Query types "hql" and "fullhql"


Queries against OpenWGA Content Stores on relational database systems normally are done using HQL, the integrated query language of  Hibernate, a software library that OpenWGA uses internally to transform the relational database data into document objects and vice versa. You can find detail information about general HQL in the hibernate dokumentation.

OpenWGA simplifies the usage of HQL so that you only have to specify filter criterias by which you want yor result contents to be selected and optionally order statements. The following query for example searches for a content document with the unique name "home":

<tml:query type="hql">content.uniquename = 'home'</tml:query>


In special cases you will want to formulate a "complete HQL query" which also specifies the objects that are to be returned. Therefor you are able to declare your query of type "fullhql", which expects complete HQL queries, like the following.

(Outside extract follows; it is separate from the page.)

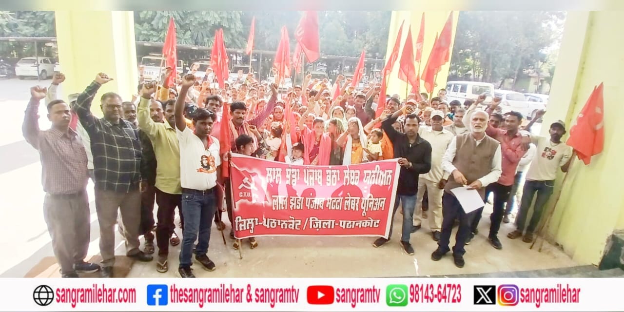 ਪਠਾਨਕੋਟ: ਭੱਠਿਆਂ ਉੱਪਰ ਮਜ਼ਦੂਰਾਂ ਨੂੰ ਰਹਿਣ ਸਬੰਧੀ ਪੇਸ਼ ਆ ਰਹੀਆਂ ਮੁਸ਼ਕਲਾਂ ਦੂਰ ਕਰਨ ਲਈ ਲਾਲ ਝੰਡਾ ਪੰਜਾਬ ਭੱਠਾ ਲੇਬਰ ਯੂਨੀਅਨ ਦੀ ਅਗਵਾਈ ਹੇਠ ਡਿਪਟੀ ਕਮਿਸ਼ਨਰ ਜ਼ਿਲ੍ਹਾ ਪਠਾਨਕੋਟ ਡਾਕਟਰ ਪੱਲਵੀ ਨੂੰ ਮੰਗ ਪੱਤਰ ਦਿੱਤਾ ਗਿਆ।

<tml:query type="fullhql">select content from Content as content where content.uniquename = 'home'</tml:query>

Both queries seem to do the same, selecting a document of unique name "home". But with type "hql" the query is also internally enhanced according to the current WebTML environment, so it only selects released documents which are visible. In "fullhql" the query is executed unmodified and generally returns documents that normally are invisible. The WebTML output via <tml:foreach> normally filters out documents that are invisible, but when you use other functionality to put out "fullhql" query results it is important to note that it may contain invisible contents. Readability however is enforced by both query types.


General syntax of HQL

HQL is an "object oriented" query language as you specify document objects and their properties and decide by what values you want to filter the documents in your result or by which properties you want them to be ordered. Those properties may be text, number or date values or even further objects with their own set of properties. But the base of a query is always the object "content", representing a content document.

Many other things in HQL resemble closely SQL, so in most cases it can be used just like SQL. String literals are specified by delimiting them with single quote characters ' (as you could see in the introductory example). The most commonly know operators and techniques are also available in HQL. So besides the object oriented nature of HQL you should have no problems understanding HQL concepts when coming from SQL.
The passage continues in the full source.